(Records drawn from a dataset)
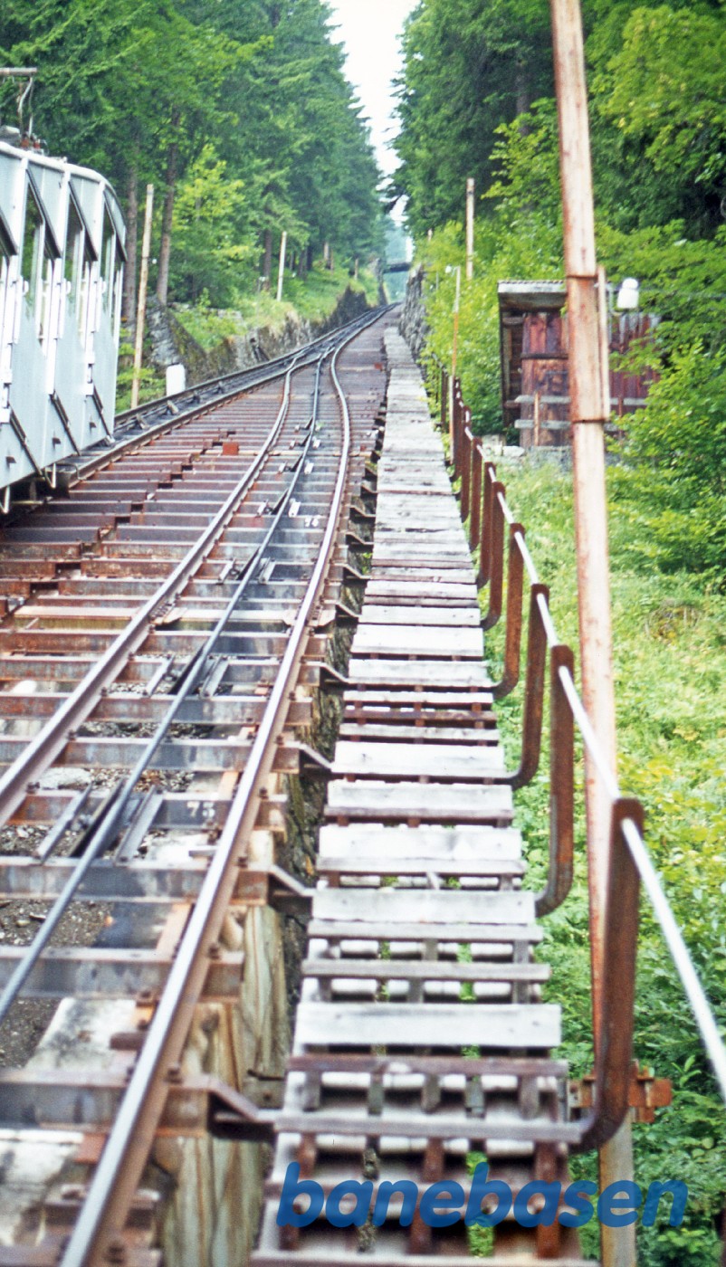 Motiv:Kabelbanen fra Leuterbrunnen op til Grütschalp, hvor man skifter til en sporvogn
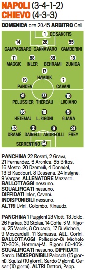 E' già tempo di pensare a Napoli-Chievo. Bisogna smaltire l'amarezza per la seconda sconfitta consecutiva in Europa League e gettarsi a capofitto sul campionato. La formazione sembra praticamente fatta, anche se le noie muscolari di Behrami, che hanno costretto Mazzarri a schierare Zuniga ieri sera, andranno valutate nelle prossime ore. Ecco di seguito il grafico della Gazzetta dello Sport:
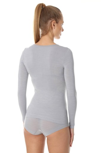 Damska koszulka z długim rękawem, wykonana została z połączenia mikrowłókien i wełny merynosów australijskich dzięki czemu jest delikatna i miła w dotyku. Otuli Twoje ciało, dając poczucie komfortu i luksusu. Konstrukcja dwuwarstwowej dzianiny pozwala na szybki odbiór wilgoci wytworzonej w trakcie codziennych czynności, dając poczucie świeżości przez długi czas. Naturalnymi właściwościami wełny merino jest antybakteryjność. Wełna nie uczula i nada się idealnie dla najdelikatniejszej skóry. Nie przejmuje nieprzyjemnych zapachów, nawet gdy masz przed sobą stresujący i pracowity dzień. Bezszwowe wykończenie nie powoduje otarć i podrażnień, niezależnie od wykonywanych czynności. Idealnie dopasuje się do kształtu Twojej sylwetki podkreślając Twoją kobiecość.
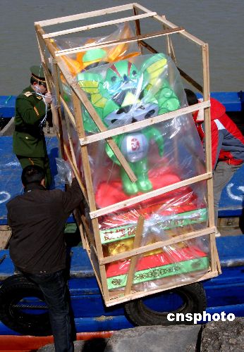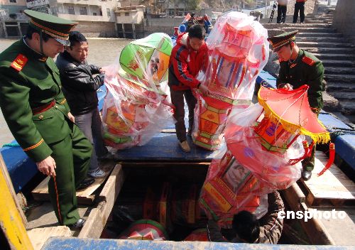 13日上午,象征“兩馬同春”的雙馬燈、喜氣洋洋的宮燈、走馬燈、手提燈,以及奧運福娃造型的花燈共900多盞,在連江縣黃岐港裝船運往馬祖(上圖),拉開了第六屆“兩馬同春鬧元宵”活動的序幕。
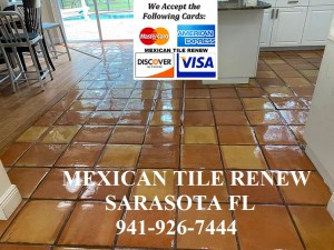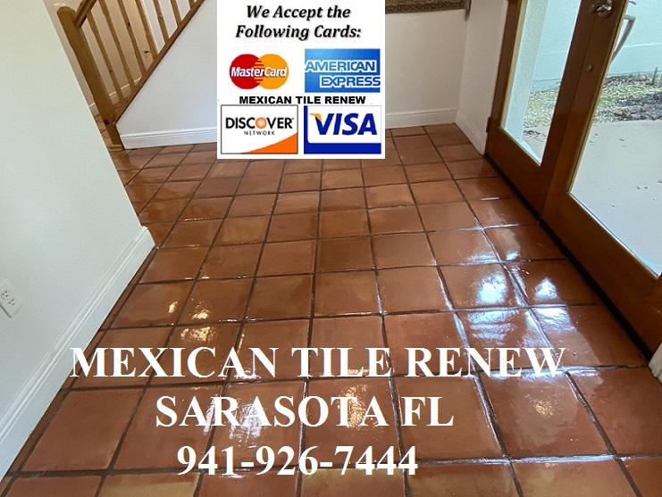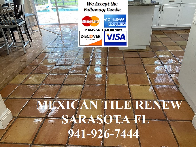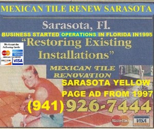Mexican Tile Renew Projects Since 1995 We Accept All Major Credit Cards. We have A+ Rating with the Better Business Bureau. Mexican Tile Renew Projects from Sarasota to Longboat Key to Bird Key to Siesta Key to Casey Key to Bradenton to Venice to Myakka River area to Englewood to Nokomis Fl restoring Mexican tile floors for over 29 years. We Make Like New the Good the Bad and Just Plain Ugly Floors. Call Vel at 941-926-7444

Task brief:
Print every record exactly, without the pictures.

Solution to this exercise:
 Motiv:Kabelbanen fra Leuterbrunnen op til Grütschalp, hvor man skifter til en sporvogn
 E' già tempo di pensare a Napoli-Chievo. Bisogna smaltire l'amarezza per la seconda sconfitta consecutiva in Europa League e gettarsi a capofitto sul campionato. La formazione sembra praticamente fatta, anche se le noie muscolari di Behrami, che hanno costretto Mazzarri a schierare Zuniga ieri sera, andranno valutate nelle prossime ore. Ecco di seguito il grafico della Gazzetta dello Sport:
 Damska koszulka z długim rękawem, wykonana została z połączenia mikrowłókien i wełny merynosów australijskich dzięki czemu jest delikatna i miła w dotyku. Otuli Twoje ciało, dając poczucie komfortu i luksusu. Konstrukcja dwuwarstwowej dzianiny pozwala na szybki odbiór wilgoci wytworzonej w trakcie codziennych czynności, dając poczucie świeżości przez długi czas. Naturalnymi właściwościami wełny merino jest antybakteryjność. Wełna nie uczula i nada się idealnie dla najdelikatniejszej skóry. Nie przejmuje nieprzyjemnych zapachów, nawet gdy masz przed sobą stresujący i pracowity dzień. Bezszwowe wykończenie nie powoduje otarć i podrażnień, niezależnie od wykonywanych czynności. Idealnie dopasuje się do kształtu Twojej sylwetki podkreślając Twoją kobiecość.
 13日上午,象征“兩馬同春”的雙馬燈、喜氣洋洋的宮燈、走馬燈、手提燈,以及奧運福娃造型的花燈共900多盞,在連江縣黃岐港裝船運往馬祖(上圖),拉開了第六屆“兩馬同春鬧元宵”活動的序幕。
Mexican Tile Renew Projects Since 1995 We Accept All Major Credit Cards. We have A+ Rating with the Better Business Bureau. Mexican Tile Renew Projects from Sarasota to Longboat Key to Bird Key to Siesta Key to Casey Key to Bradenton to Venice to Myakka River area to Englewood to Nokomis Fl restoring Mexican tile floors for over 29 years. We Make Like New the Good the Bad and Just Plain Ugly Floors. Call Vel at 941-926-7444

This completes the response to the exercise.